This repo contains the code for the experiment set-up to fine-tune LLMs on Ha, as described in this blog post. The set-up consists of the following stages, as shown in the diagram below:
- Data Collection and Preprocessing
- Fine-tuning
- Evaluation
-
Consolidating written question and answers from Hansard: Crawl Hansard data for written question and answers (code not in this repo). Store the results in a jsonl file (e.g.

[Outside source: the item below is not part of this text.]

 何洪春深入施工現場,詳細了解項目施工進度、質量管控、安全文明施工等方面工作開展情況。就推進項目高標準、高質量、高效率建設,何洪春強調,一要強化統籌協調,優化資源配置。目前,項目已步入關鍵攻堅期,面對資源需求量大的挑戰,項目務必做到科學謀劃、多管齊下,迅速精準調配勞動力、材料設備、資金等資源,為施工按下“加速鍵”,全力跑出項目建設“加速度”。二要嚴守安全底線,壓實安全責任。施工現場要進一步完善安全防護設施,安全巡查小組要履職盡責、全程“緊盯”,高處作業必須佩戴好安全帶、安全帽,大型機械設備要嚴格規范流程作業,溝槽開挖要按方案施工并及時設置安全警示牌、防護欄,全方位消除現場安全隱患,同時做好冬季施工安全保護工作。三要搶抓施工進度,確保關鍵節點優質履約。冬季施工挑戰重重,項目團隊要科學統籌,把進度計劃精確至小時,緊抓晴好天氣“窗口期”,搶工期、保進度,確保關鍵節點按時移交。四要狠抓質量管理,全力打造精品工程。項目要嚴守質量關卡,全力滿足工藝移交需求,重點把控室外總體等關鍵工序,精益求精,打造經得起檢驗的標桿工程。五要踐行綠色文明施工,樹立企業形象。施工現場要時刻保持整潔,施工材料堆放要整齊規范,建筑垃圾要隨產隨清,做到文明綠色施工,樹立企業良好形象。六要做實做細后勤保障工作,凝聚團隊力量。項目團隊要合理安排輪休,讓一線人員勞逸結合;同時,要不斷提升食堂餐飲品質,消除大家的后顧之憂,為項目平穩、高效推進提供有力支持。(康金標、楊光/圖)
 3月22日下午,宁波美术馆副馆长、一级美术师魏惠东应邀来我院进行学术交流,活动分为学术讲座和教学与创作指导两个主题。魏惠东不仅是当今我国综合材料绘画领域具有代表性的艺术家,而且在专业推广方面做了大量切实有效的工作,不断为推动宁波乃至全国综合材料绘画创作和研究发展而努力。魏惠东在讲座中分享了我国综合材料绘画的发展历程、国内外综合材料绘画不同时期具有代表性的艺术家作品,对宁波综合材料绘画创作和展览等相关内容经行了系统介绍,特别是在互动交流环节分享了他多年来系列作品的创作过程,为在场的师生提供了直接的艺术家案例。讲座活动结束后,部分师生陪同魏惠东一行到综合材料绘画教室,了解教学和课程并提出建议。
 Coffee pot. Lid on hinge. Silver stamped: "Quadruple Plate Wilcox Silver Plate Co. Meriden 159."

written_question_answers.jsonl
) with each row having these fields:- title: Title of parliamentary question
- question: Written question that was asked
- answer: Answer to question
- filename: Reference to date of sitting in the format
sitting_YYYY-MM-DD
E.g.
{"title": "Proportion of Public Service Agencies that Provide Unpaid Leave for Parents with Multiple or Pre-term Babies", "question": "Mr Louis Ng Kok Kwang asked the Prime Minister (a) what is the number and percentage of public service agencies that provide unpaid leave for parents with multiple or pre-term babies; (b) what is the take-up rate of such leave for each year in the past five years; and (c) if data on the take-up rate has not been collected, whether the Prime Minister's Office will start collecting this data. ", "answer": "In the past five years, an average of 25 officers in the Civil Service utilised this leave provision each year.", "filename": "sitting_2023-02-22"}
-
Classify answers based on whether they answer the questions directly using GPT-4o: Run
python data_generation/classify_parliamentary_questions.py --model_type "gpt4" --input_file_path <path_to_input_file> --output_file_path <path_to_save_classified_file>
to generate a file with status of whether question is answered, and summary points of answers. Output will be stored in <path_to_save_classified_file> (e.g. written_question_answers_processed.jsonl) -
Generate hypothetical documents as context for answered questions: Run
python data_generation/generate_hypotherical_documents.py --model_type "gpt4" --input_file_path <path_to_classified_file> --output_file_path <path_to_save_file_with_hypothetical_docs>
to get the hypothetical documents for each record -
Split the data into train and test splits, and format them for fine-tuning: Run
python data_generation/train_test_split_format.py --input_file_path <path_to_file_with_hypothetical_docs> --output_dir_path <path_to_dir_to_save_train_test_split>
<path_to_dir_to_save_train_test_split> will now contain the following files:- hansard_answered_questions_train.csv : Train data - Pandas DataFrame saved as csv
- hansard_answered_questions_test.csv : Test data - Pandas DataFrame saved as csv
- hansard_answered_questions_llama3_formatted_train.jsonl : Train data formatted for finetuning
- hansard_answered_questions_llama3_formatted_test.jsonl : Test data formatted for finetuning
- hansard_answered_questions_llama3_formatted_test_no_response.jsonl : Test data formatted for finetuning, with no response (to be used for fine-tuned models prompt completion)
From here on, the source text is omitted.